Brauer's Group Equivariant Neural Networks

Edward Pearce-Crump

Accepted for a live presentation at ICML 2023, Hawaii, USA.

Proceedings of the 40th International Conference on Machine Learning, PMLR 202:27461-27482, 2023

PMLR 202:27461-27482 arXiv 2212.08630 Preview Live Oral

We provide a full characterisation of all of the possible group equivariant neural networks whose layers are some tensor power of $\mathbb{R}^{n}$ for three symmetry groups that are missing from the machine learning literature: $O(n)$, the orthogonal group; $SO(n)$, the special orthogonal group; and $Sp(n)$, the symplectic group. In particular, we find a spanning set of matrices for the learnable, linear, equivariant layer functions between such tensor power spaces in the standard basis of $\mathbb{R}^{n}$ when the group is $O(n)$ or $SO(n)$, and in the symplectic basis of $\mathbb{R}^{n}$ when the group is $Sp(n)$.
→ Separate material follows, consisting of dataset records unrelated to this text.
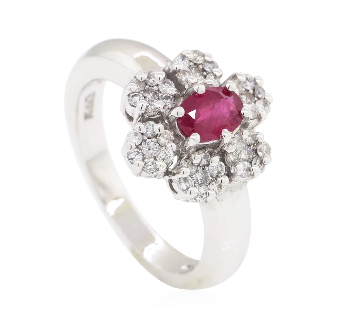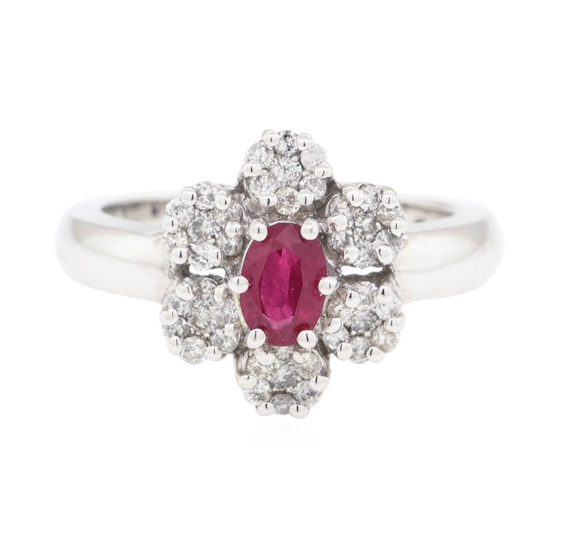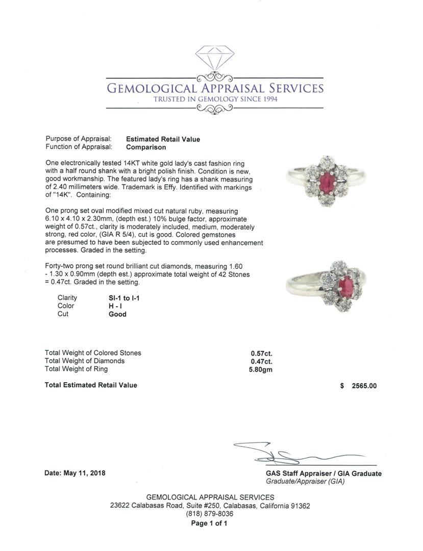 One electronically tested 14KT white gold lady's cast fashion ring with a half round shank with a bright polish finish. The featured lady's ring has a shank measuring of 2.40 millimeters wide. Trademark is Effy. Identified with markings of '14K'. Condition is new, good workmanship. Containing: One prong set oval modified mixed cut natural ruby, measuring 6.10 x 4.10 x 2.30mm, (depth est.) 10%. bulge factor, approximate weight of 0.57ct., clarity is moderately included, medium, moderately strong, red color, (GIA R 5/4), cut is good. Colored gemstones are presumed to have been subjected to commonly used enhancement processes. Graded in the setting. Forty-Two prong set round brilliant cut diamonds, measuring 1.60 - 1.30 x 0.90mm (depth est.) approximate total weight of 42 Stones = 0.47ct. Graded in the setting. Color H - I Clarity SI-1 to I-1 Cut Good. Total Weight of Colored Stones 0.57ct.. Total Weight of Diamonds 0.47ct.. Total Weight of Ring 5.80gm GAS Appraised at $2565.00. GAS Appraised at $2,565.00.
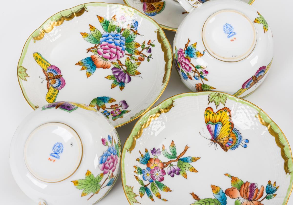 6 Tassen, 6 UT, Milchkännchen, 2 Kuchenteller.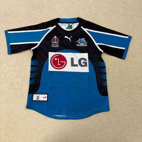 Description: Great piece of Sharkies kit, screams Brett Kimmorley and a young Gallen! An unfortunate loss in the first week of the finals against the Roosters, but no doubt this team will have continued success with a young suite of talent.

Connecting Permutation Equivariant Neural Networks and Partition Diagrams

Edward Pearce-Crump

Accepted for a live presentation at ECAI 2024, Santiago de Compostela, Spain.
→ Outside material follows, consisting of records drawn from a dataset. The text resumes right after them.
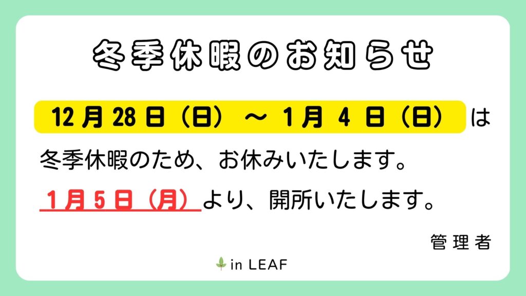 冬季休暇のお知らせ(2025年12月28日~2026年1月4日)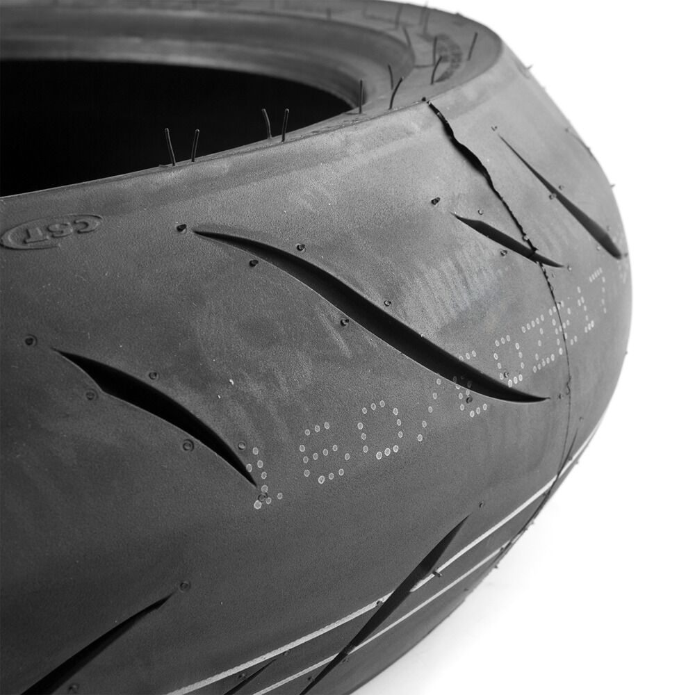 A motorcycle tire is a crucial component that provides traction, stability, and shock absorption for the motorcycle. It consists of several layers, including a rubber tread for grip, a reinforced carcass for structural strength, and inner linings to contain air or sealant. Motorcycle tires are designed for specific riding conditions, such as road, off-road, or sport, and are available in various sizes and tread patterns to match the motorcycle's performance and handling requirements. Proper tire maintenance, including regular checks for pressure and tread wear, is essential for safe and efficient riding.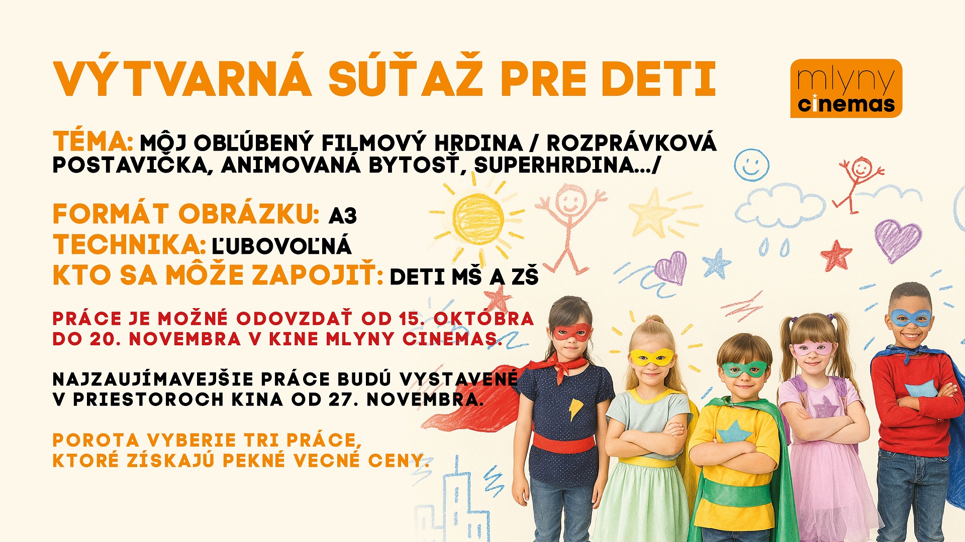 Multikino Mlyny Cinemas vyhlasuje výtvarnú súťaž pre deti.
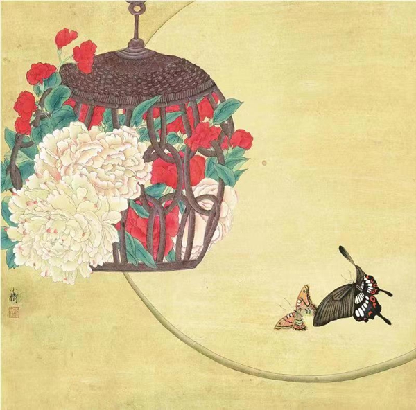 2019年 花间系列 68×68cm 纸本设色

Proceedings of the 27th European Conference on Artificial Intelligence, IOS Press Ebooks, 392:1511-1518, 2024.

392:1511-1518 arXiv: 2212.08648

Permutation equivariant neural networks are often constructed using tensor powers of $\mathbb{R}^{n}$ as their layer spaces. We show that all of the weight matrices that appear in these neural networks can be obtained from Schur-Weyl duality between the symmetric group and the partition algebra. In particular, we adapt Schur-Weyl duality to derive a simple, diagrammatic method for calculating the weight matrices themselves.
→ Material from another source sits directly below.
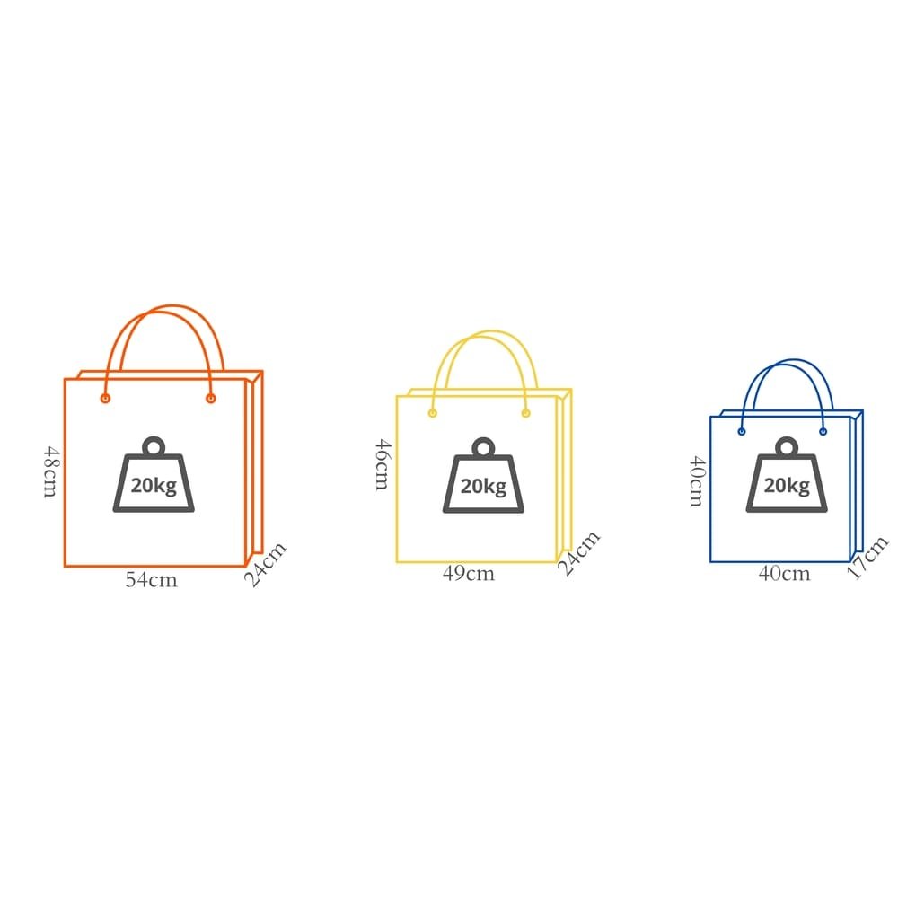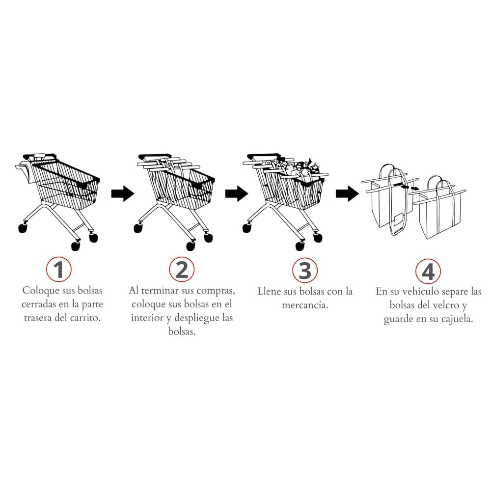 Set de bolsas reutilizables Multifundas™, haz las compras y no pierdas tiempo en ordenar cada artículo. Cuando vamos al súper, colocar cada pieza que compramos dentro de una bolsa suele ser tedioso, hay que abrirla una y otra vez para ir metiendo las cosas. Con este juego de bolsas eso se acabó, su diseño incluye dos barras que puedes colocar sobre el carrito, manteniéndolas abiertas en todo momento. Además, vienen en tres tamaños diferentes, ideal para una gran variedad de artículos. Y, por supuesto que son reutilizables, úsalas cuantas veces quieras.Juego de bolsas para carrito de súperSistema de barras que te permite colocarlas sobre el carrito y mantenerlas abiertasCinta de velcro en el exterior para enrollarlasSet de 3 piezas incluye:1 bolsa chica de 40 cm de ancho, 17 cm de largo y 40 cm de alto1 bolsa mediana de 49 cm de ancho, 24 cm de largo y 46 cm de alto1 bolsa grande de 54 cm de ancho, 24 cm de largo y 48 cm de altoCada bolsa tiene una capacidad de hasta 20 kgReutilizablesLavar a mano con agua y jabón neutro, dejar secar en el exteriorMedidas: 40 cm de ancho, 40 cm de largo y 65 cm de alto

A Multigraph Approach for Performing the Quantum Schur Transform

Edward Pearce-Crump

Accepted for a poster presentation at QCTiP 2023, Cambridge, UK.

arXiv: 2204.10694

We take inspiration from the Okounkov--Vershik approach to the representation theory of the symmetric groups to develop a new way of understanding how the Schur--Weyl duality can be used to perform the Quantum Schur Transform. The Quantum Schur Transform is a unitary change of basis transformation between the computational basis of $(\mathbb{C}^d)^{\otimes n}$ and the Schur--Weyl basis of $(\mathbb{C}^d)^{\otimes n}$. We describe a new multigraph, which we call the Schur--Weyl--Young graph, that represents both standard Weyl tableaux and standard Young tableaux in the same diagram. We suggest a major improvement on Louck's formula for calculating the transition amplitudes between two standard Weyl tableaux appearing in adjacent levels of the Schur--Weyl--Young graph for the case $d=2$, merely by looking at the entries in the two tableaux. The key theoretical component that underpins our results is the discovery of a branching rule for the Schur--Weyl states, which we call the Schur--Weyl branching rule. This branching rule allows us to perform the change of basis transformation described above in a straightforward manner for any $n$ and $d$.